If I had to do it all over again, I would have studied for a master’s degree in psychology and finance.  To fill that gap, we read constantly in various industry periodicals the latest in research with regard to the markets, asset allocation and the role of behavioral finance. To this end, we will share with you a snippet from our “Portfolio Construction, Management, Philosophy & Process” -


BEHAVIORAL FINANCE

It is human nature that there are two voices in your head. There is the logic, and there is the emotion. You can think of it as the two people on your shoulders shouting at you what they think you should do. Logic tends to be longer-term, more rational, and well thought out, whereas emotion is something that we feel over a shorter-term period. And what is interesting is most people make decisions based on their emotions. This is where a good advisor is critical, they help clients to be more rational, to offset some of the pressure that comes from the short-term emotion by saying, “No, I know you are feeling this way, but history and logic tells us to stay with the plan.”

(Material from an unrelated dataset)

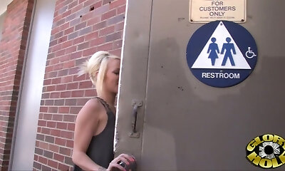 Cum eating at gloryhole for interracial bitch

Further to client education, from our study of behavioral finance, we do not think humans are wired to think in long-term increments, and so, in our business, we sometimes must advance what is counterintuitive to our clients. Unlike any other service that you receive, where you can evaluate the outcomes over short time frames…for example, you go to the dentist and it is clear whether your dentist knew what they were doing, and so you make the decision based on that one outcome whether or not to go back. Whereas, with your financial advisor or when you are looking at market outcomes, there is so much noise in terms of any particular outcome relative to whether something is working or not, that it drives people to make decisions on a short-term basis, like they do in every other aspect of their lives. And it is very reasonable to do this with most services and products you receive in life. However, in the markets, if you simply do the thing that is working and avoid the thing that is not working, you may end up with the worst possible outcome. This is difficult for most people to do in a disciplined way without a good advisor to help them understand the implications of emotional decision making. We frequently present clients with multiple alternatives to their portfolio construction, each with different risk and reward characteristics. Which one is best? We will not know for years until we have the benefit of hindsight…and the answer may be different depending upon whether the look back period is 3-5-10+ years. As an example, if we use one of the world’s most famous investors, Warren Buffet’s Berkshire Hathaway, over the last 5 years (an eternity for many clients) the S&P 500 has outperformed Berkshire Hathaway. However, over the past 20+ years, Berkshire has outperformed the S&P 500 by almost 3.5% per year, which equates to a share value more than two times the S&P 500. Patience, having faith in the process, strategic asset allocation coupled with tactical tilts in consideration of economic and market cycles is the value we strive to add as we interpret the enormous amount of daily economic and market data.”